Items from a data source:
____
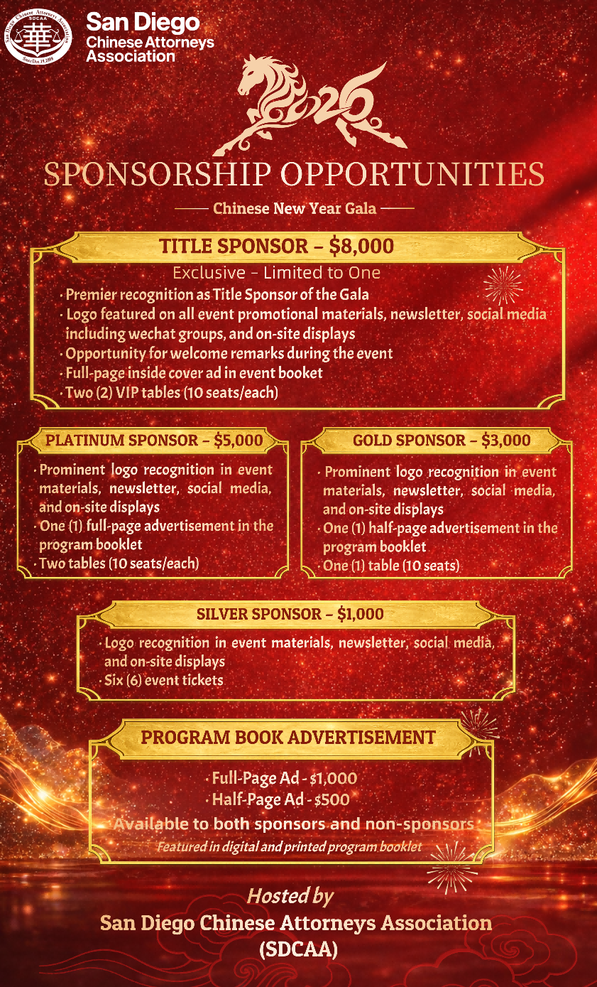 Sponsorship provides a meaningful opportunity to support diversity and cultural heritage while increasing visibility within San Diego’s Chinese American legal and professional community.
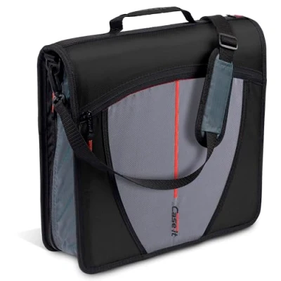 Case it Mighty Zip Tab Zipper Binder, 3" O Ring with 5 Color tabs, Expanding File Folder and Shoulder Strap Handle, D 146 Jet Black
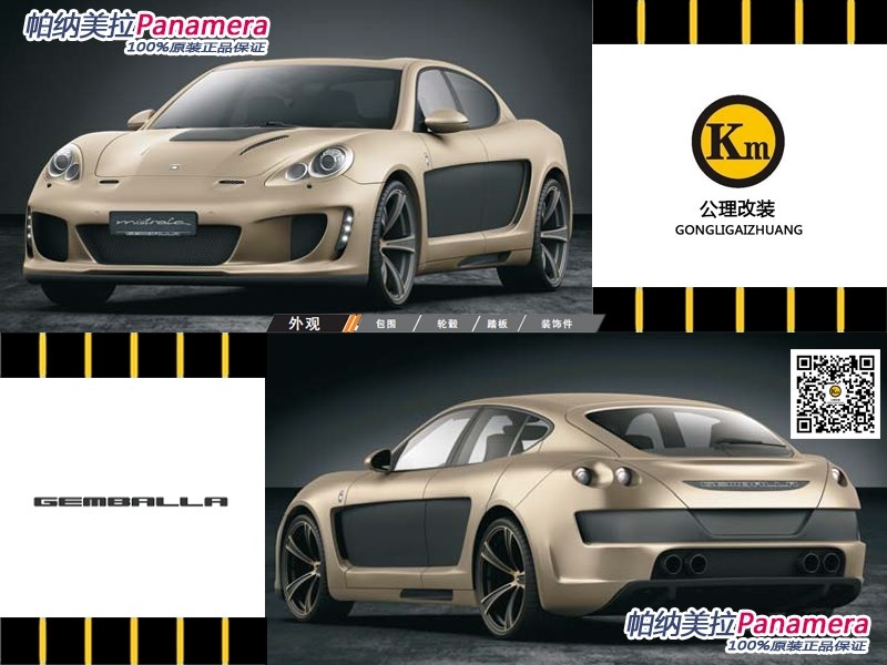 上海KM改裝俱樂部擁有歐洲MANSORY、HAMANN、LUMMA、KAHN等三十多個專門針對保時捷、路虎、奔馳、寶馬、奧迪、進口大眾六大汽車品牌的改裝產(chǎn)品,并擁有專業(yè)的設(shè)計團隊為高端車主提供個性化定制服務(wù)。KM將成為全國范圍內(nèi)產(chǎn)品最廣、單位面積最大、設(shè)施最齊全、檔次最高的國際超級豪車改裝旗艦店。此產(chǎn)品:Porsche保時捷帕納美拉全進口原裝包圍Gemballa品牌。
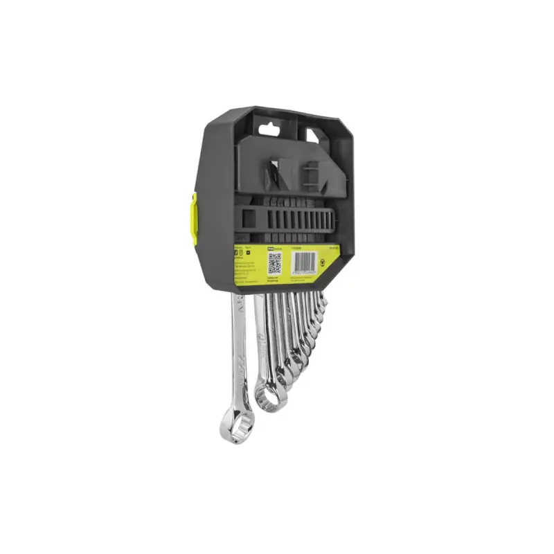 The RYOBI 12-piece mixed angle wrenches set - Return angle 15° - RHWR8PC is a tool set that offers versatility and allows you to work in tight spaces. The wrenches range from 8 to 22 mm and all have a return angle of 15°. The chrome vanadium steel design ensures resistance to corrosion and makes cleaning easy. The wrenches are sold in a case compatible with Ryobi's LINK system.
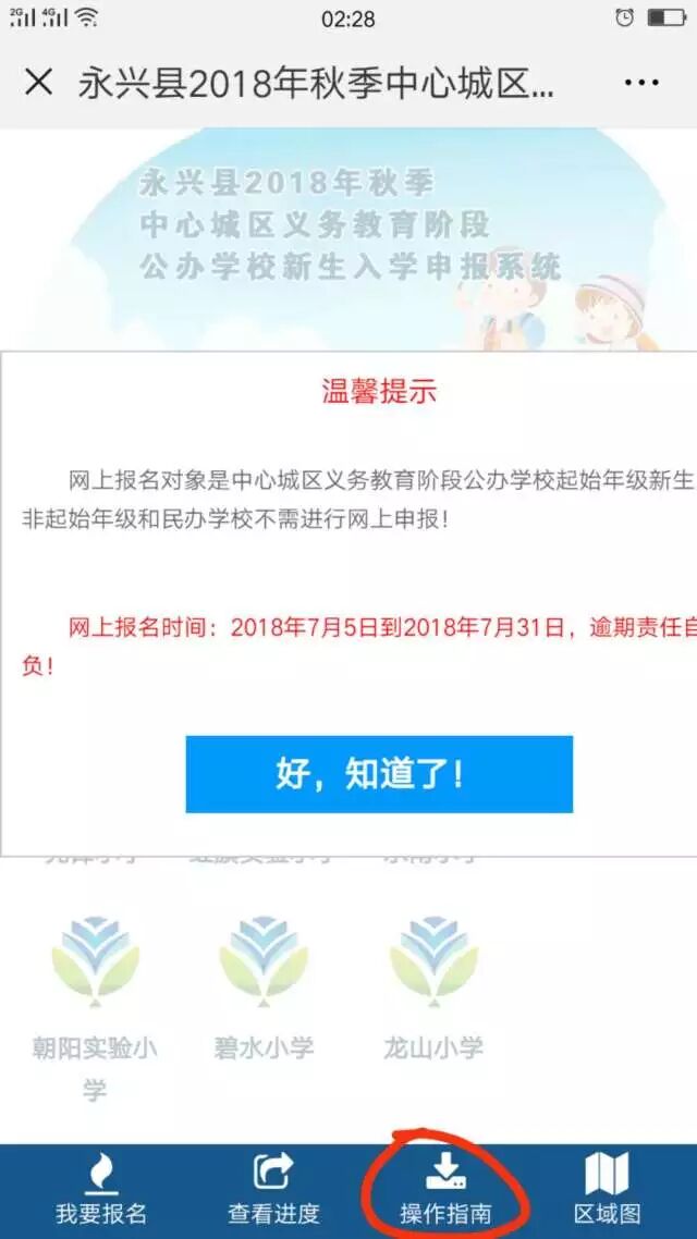 永兴县2019年秋季中心城区义务教育阶段学校新生入学网上报名操作流程
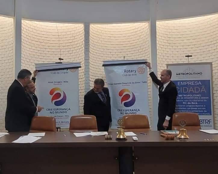 Durante a cerimônia o Pres. do Rotary Club de Ibirá, Thiago Azevedo Simplicio da Silva transmitiu oficialmente o cargo para o novo Pres. Cleber Macedo e o Pres. do Rotary Club de Urupês Almir Groggia, transmitiu oficialmente o cargo para o novo Pres. José Maio, que deram posse aos seus Conselhos Diretores e apresentaram o novo Lema Rotário para o ano 2024/2025 "A MAGIA DO ROTARY".
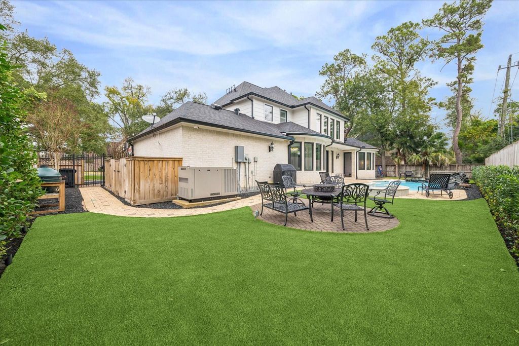 Stunning contemporary home tucked away on a quiet cul-de-sac completely rebuilt from the studs in 2025. Exceptional craftsmanship & luxury finishes throughout including white limestone, marble, porcelain & wood floors; PEX plumbing, full-house generator, new roof, RAM windows & doors; & 2-stage whole-home water filtration system. Dramatic 2-story Foyer flanked by Home Office & Formal Dining w/ custom bar clad in striking Panda marble w/ glass shelving & marble & gold inlay backsplash. Chef’s Kitchen w/ custom cabinets, 10 ft island, Décor 48” fridge/freezer, Café double ovens, 2 dishwashers, 6 burner Wolf gas range & Breakfast Room w/ mini fridge & expanded coffee station. Light-filled Living Room opens seamlessly to the Kitchen & features a limestone-surround gas fireplace. Elegant 1st Floor Primary boasts a spa-inspired marble bath w/ dual vanities, soaking tub, frameless shower & generous closets. Entertainer’s dream backyard w/ heated pool, hot tub & turfed green space.
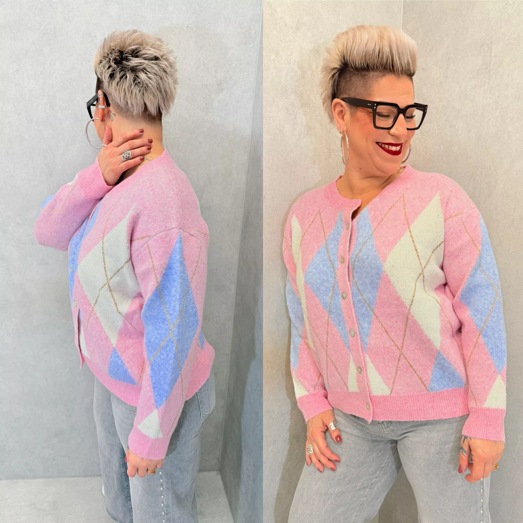 Die Strickjacke überzeugt durch ihr Jacquard-Muster mit Rauten und harmonischen Farbkombinationen. Die Knopfleiste ermöglicht verschiedene Tragevarianten. Der Schnitt ist auf große Größen ausgelegt und bietet angenehme Weite im Brustbereich.
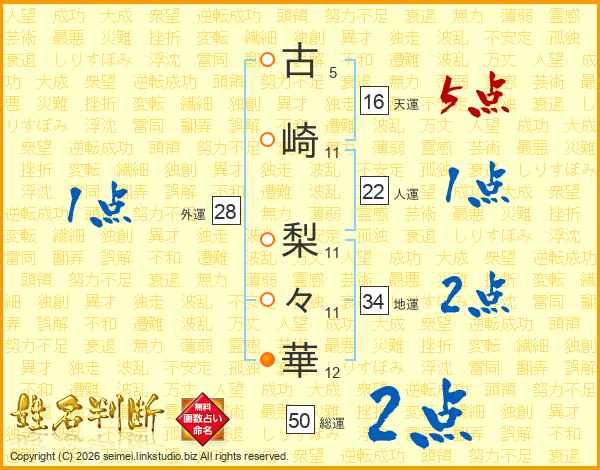 古(5画)崎(11画) 梨(11画)々(11画)華(12画)
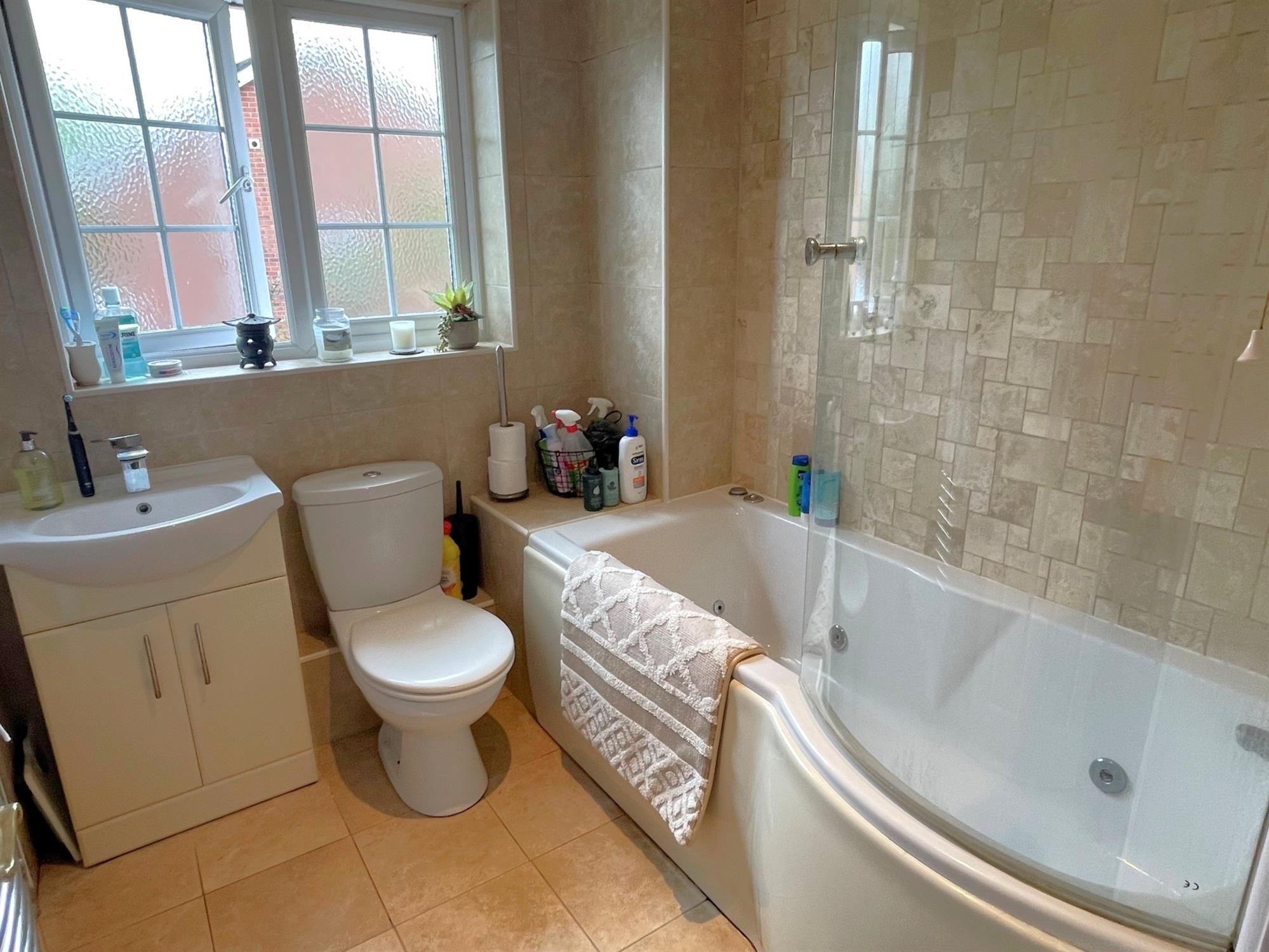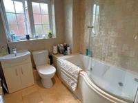 Window to rear. Low level WC. Inset wash hand basin with cupboard below. 'P' shaped bath with glazed screen. Complementary tiling. Heated towel radiator.
____
» Work request
Since the copy must exclude the pictures, transcribe only the text of the records, word for word.

» Reply to the exercise
 Sponsorship provides a meaningful opportunity to support diversity and cultural heritage while increasing visibility within San Diego’s Chinese American legal and professional community.
 Case it Mighty Zip Tab Zipper Binder, 3" O Ring with 5 Color tabs, Expanding File Folder and Shoulder Strap Handle, D 146 Jet Black
 上海KM改裝俱樂部擁有歐洲MANSORY、HAMANN、LUMMA、KAHN等三十多個專門針對保時捷、路虎、奔馳、寶馬、奧迪、進口大眾六大汽車品牌的改裝產(chǎn)品,并擁有專業(yè)的設(shè)計團隊為高端車主提供個性化定制服務(wù)。KM將成為全國范圍內(nèi)產(chǎn)品最廣、單位面積最大、設(shè)施最齊全、檔次最高的國際超級豪車改裝旗艦店。此產(chǎn)品:Porsche保時捷帕納美拉全進口原裝包圍Gemballa品牌。
 The RYOBI 12-piece mixed angle wrenches set - Return angle 15° - RHWR8PC is a tool set that offers versatility and allows you to work in tight spaces. The wrenches range from 8 to 22 mm and all have a return angle of 15°. The chrome vanadium steel design ensures resistance to corrosion and makes cleaning easy. The wrenches are sold in a case compatible with Ryobi's LINK system.
 永兴县2019年秋季中心城区义务教育阶段学校新生入学网上报名操作流程
 Durante a cerimônia o Pres. do Rotary Club de Ibirá, Thiago Azevedo Simplicio da Silva transmitiu oficialmente o cargo para o novo Pres. Cleber Macedo e o Pres. do Rotary Club de Urupês Almir Groggia, transmitiu oficialmente o cargo para o novo Pres. José Maio, que deram posse aos seus Conselhos Diretores e apresentaram o novo Lema Rotário para o ano 2024/2025 "A MAGIA DO ROTARY".
 Stunning contemporary home tucked away on a quiet cul-de-sac completely rebuilt from the studs in 2025. Exceptional craftsmanship & luxury finishes throughout including white limestone, marble, porcelain & wood floors; PEX plumbing, full-house generator, new roof, RAM windows & doors; & 2-stage whole-home water filtration system. Dramatic 2-story Foyer flanked by Home Office & Formal Dining w/ custom bar clad in striking Panda marble w/ glass shelving & marble & gold inlay backsplash. Chef’s Kitchen w/ custom cabinets, 10 ft island, Décor 48” fridge/freezer, Café double ovens, 2 dishwashers, 6 burner Wolf gas range & Breakfast Room w/ mini fridge & expanded coffee station. Light-filled Living Room opens seamlessly to the Kitchen & features a limestone-surround gas fireplace. Elegant 1st Floor Primary boasts a spa-inspired marble bath w/ dual vanities, soaking tub, frameless shower & generous closets. Entertainer’s dream backyard w/ heated pool, hot tub & turfed green space.
 Die Strickjacke überzeugt durch ihr Jacquard-Muster mit Rauten und harmonischen Farbkombinationen. Die Knopfleiste ermöglicht verschiedene Tragevarianten. Der Schnitt ist auf große Größen ausgelegt und bietet angenehme Weite im Brustbereich.
 古(5画)崎(11画) 梨(11画)々(11画)華(12画)
 Window to rear. Low level WC. Inset wash hand basin with cupboard below. 'P' shaped bath with glazed screen. Complementary tiling. Heated towel radiator.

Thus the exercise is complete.